### Assignment
Could you print the stretch of lines below from the one with "Titolo: Gioacchino Murat" through the one with "我选择的是比较低调的曜石黑配", exactly as they stand and without any pictures?

### Extracted data

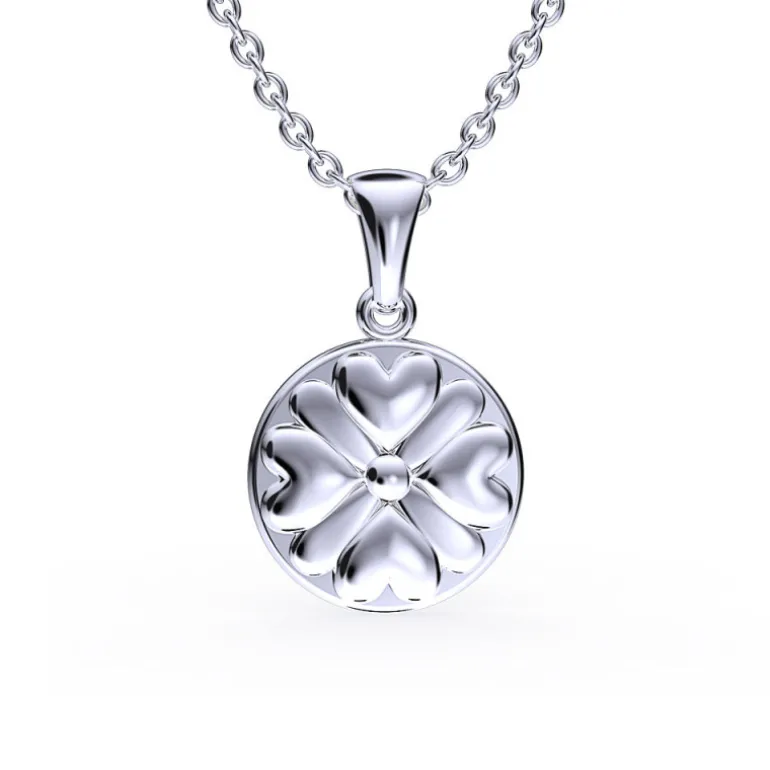 Halsband Folklore mini, rund berlock smycke med fyra hjärtan som bildar en blomma. En detalj och dekoration som återfinns på många dräktväskor till folkdräkter.
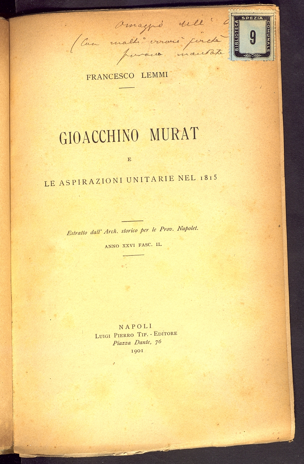 Titolo: Gioacchino Murat e le aspirazioni unitarie nel 1815
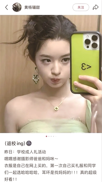 5月11日,00后演员黄杨某甜在社交平台晒出成人礼照片,其佩戴的“天价耳环”引发舆论哗然。
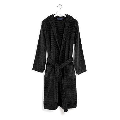 npluseins peignoir de bain femme, peignoir de bain homme à capuche – unisexe, polaire douce, couleurs modernes et tailles variées, longueur mollet, XL, bleu marine
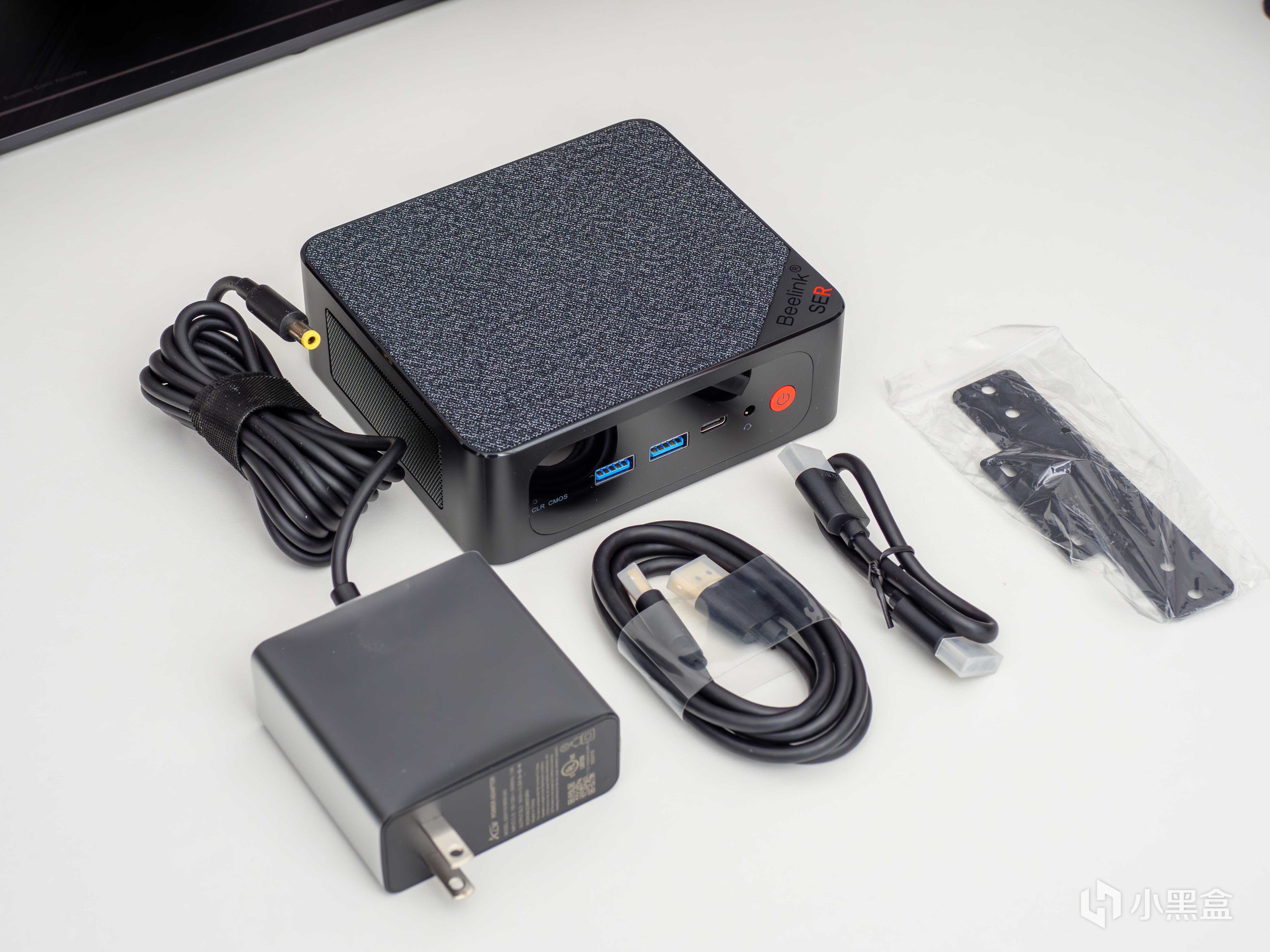 我选择的是比较低调的曜石黑配色版本,开箱后包含零刻SER5 MAX本体、电源适配器、显示器挂架和一长一短两根HDMI线材。两根线缆的设计还是蛮贴心的,要是把迷你主机挂到显示器背后使用的话,HDMI短线正好可以方便隐藏整理。
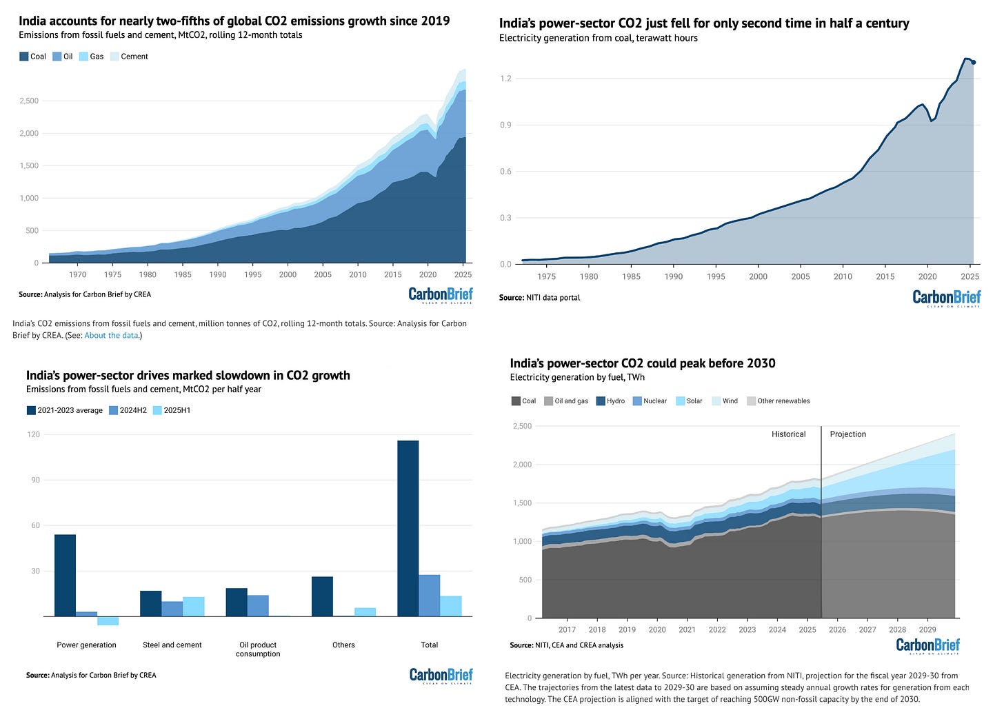 India’s clean energy production this year is up by 20%, while coal’s contribution continues to fall. As Ember reports, “In 2024, Coal generation met 64% of India’s electricity demand growth, a sharp drop from 91% in 2023.” And this year electricity from coal actually dropped. The CarbonBrief graphs below tell the story. India’s electricity sector CO2 could peak before 2030.
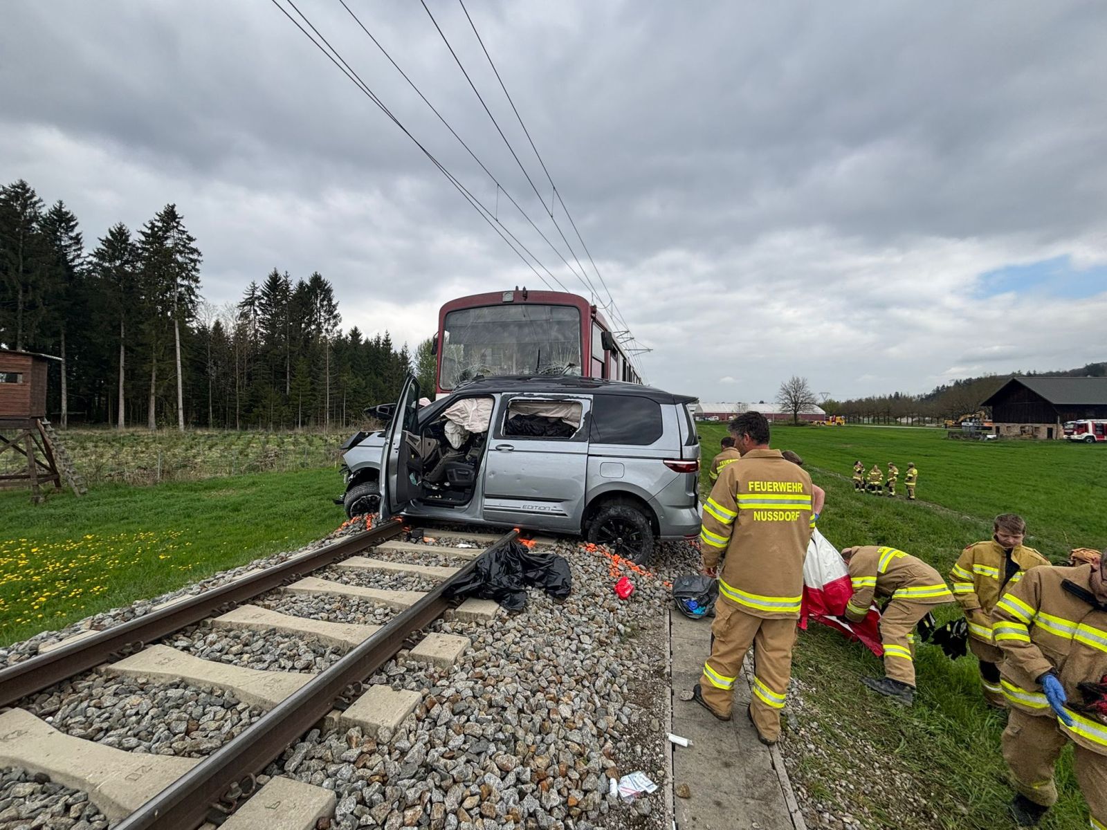 Am 16.4. wurden die Einsatzkräfte zu einem Verkehrsunfall im Bereich Pabing alarmiert. Aus bislang ungeklärter Ursache kam es im Bereich eines unbeschrankten Bahnübergangs zur Kollision zwischen einem PKW und einem Zug der Lokalbahn. Durch die Wucht des Aufpralls wurde das Fahrzeug mehrere Meter mitgerissen.
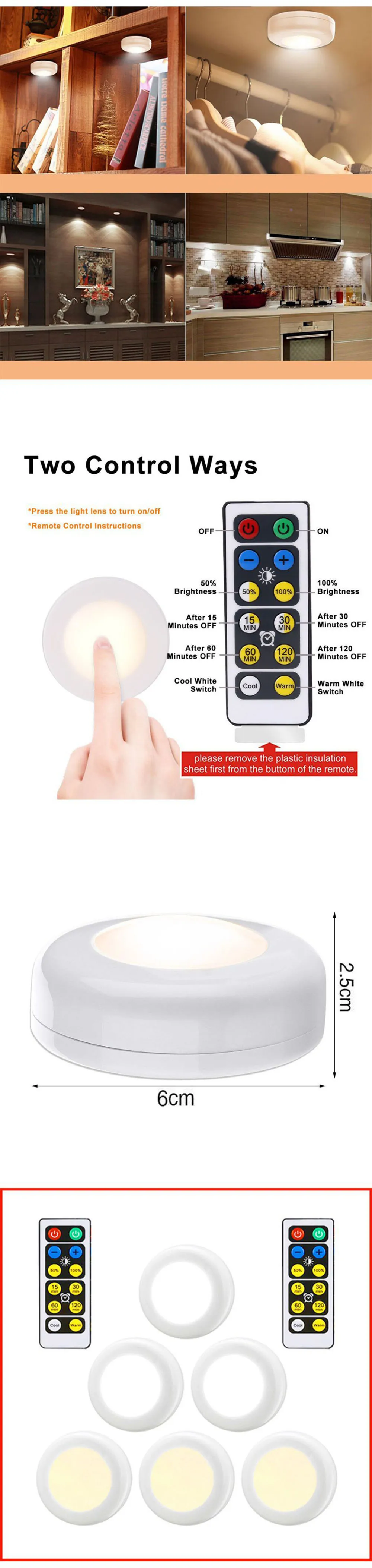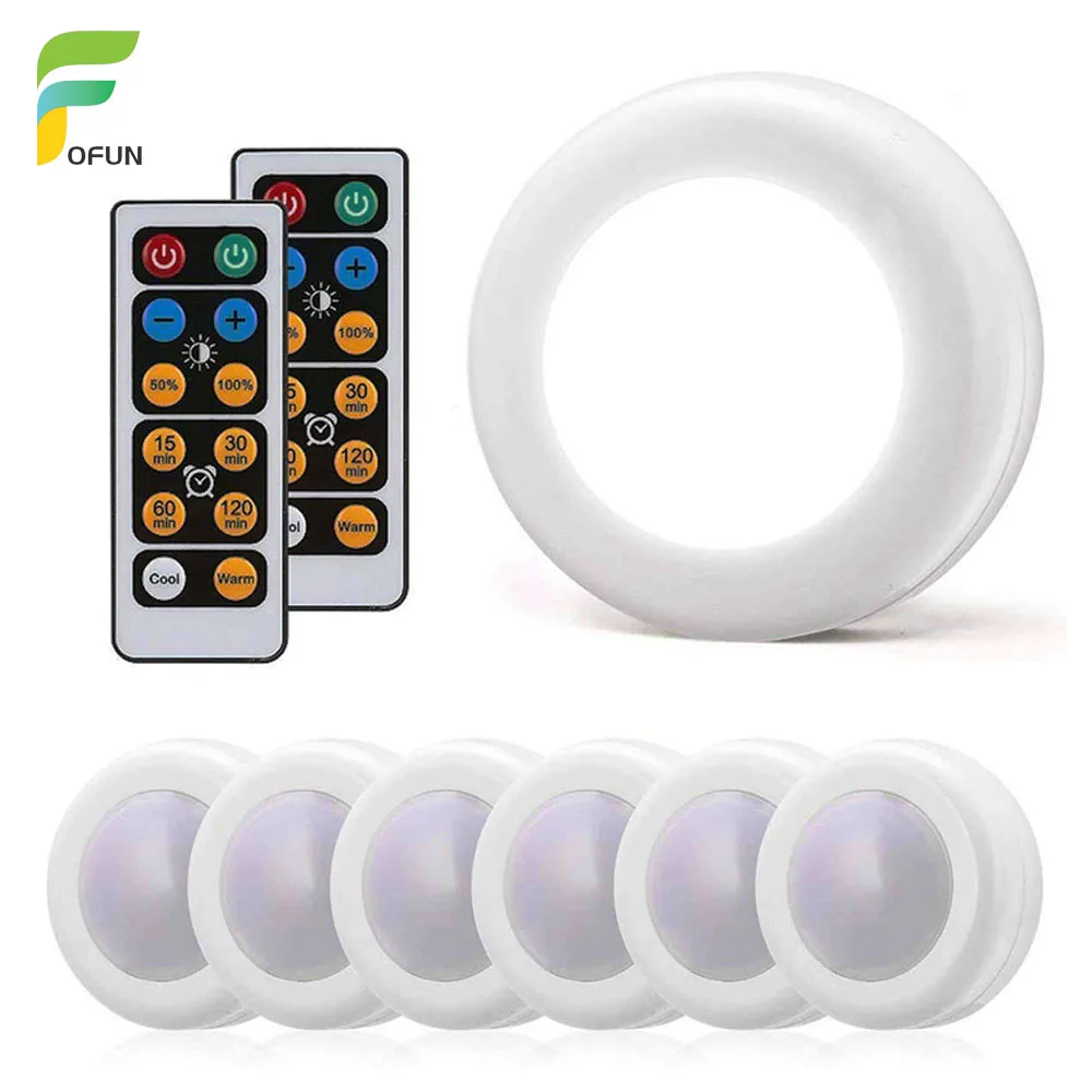 Светильник Fofun для шкафа, беспроводной приглушаемый сенсорный двухцветный СВЕТОДИОДНЫЙ ночник с питанием от батарейки и пультом дистанционного управления, подходит для кухни

### Reply
 Titolo: Gioacchino Murat e le aspirazioni unitarie nel 1815
 5月11日,00后演员黄杨某甜在社交平台晒出成人礼照片,其佩戴的“天价耳环”引发舆论哗然。
 npluseins peignoir de bain femme, peignoir de bain homme à capuche – unisexe, polaire douce, couleurs modernes et tailles variées, longueur mollet, XL, bleu marine
 我选择的是比较低调的曜石黑配色版本,开箱后包含零刻SER5 MAX本体、电源适配器、显示器挂架和一长一短两根HDMI线材。两根线缆的设计还是蛮贴心的,要是把迷你主机挂到显示器背后使用的话,HDMI短线正好可以方便隐藏整理。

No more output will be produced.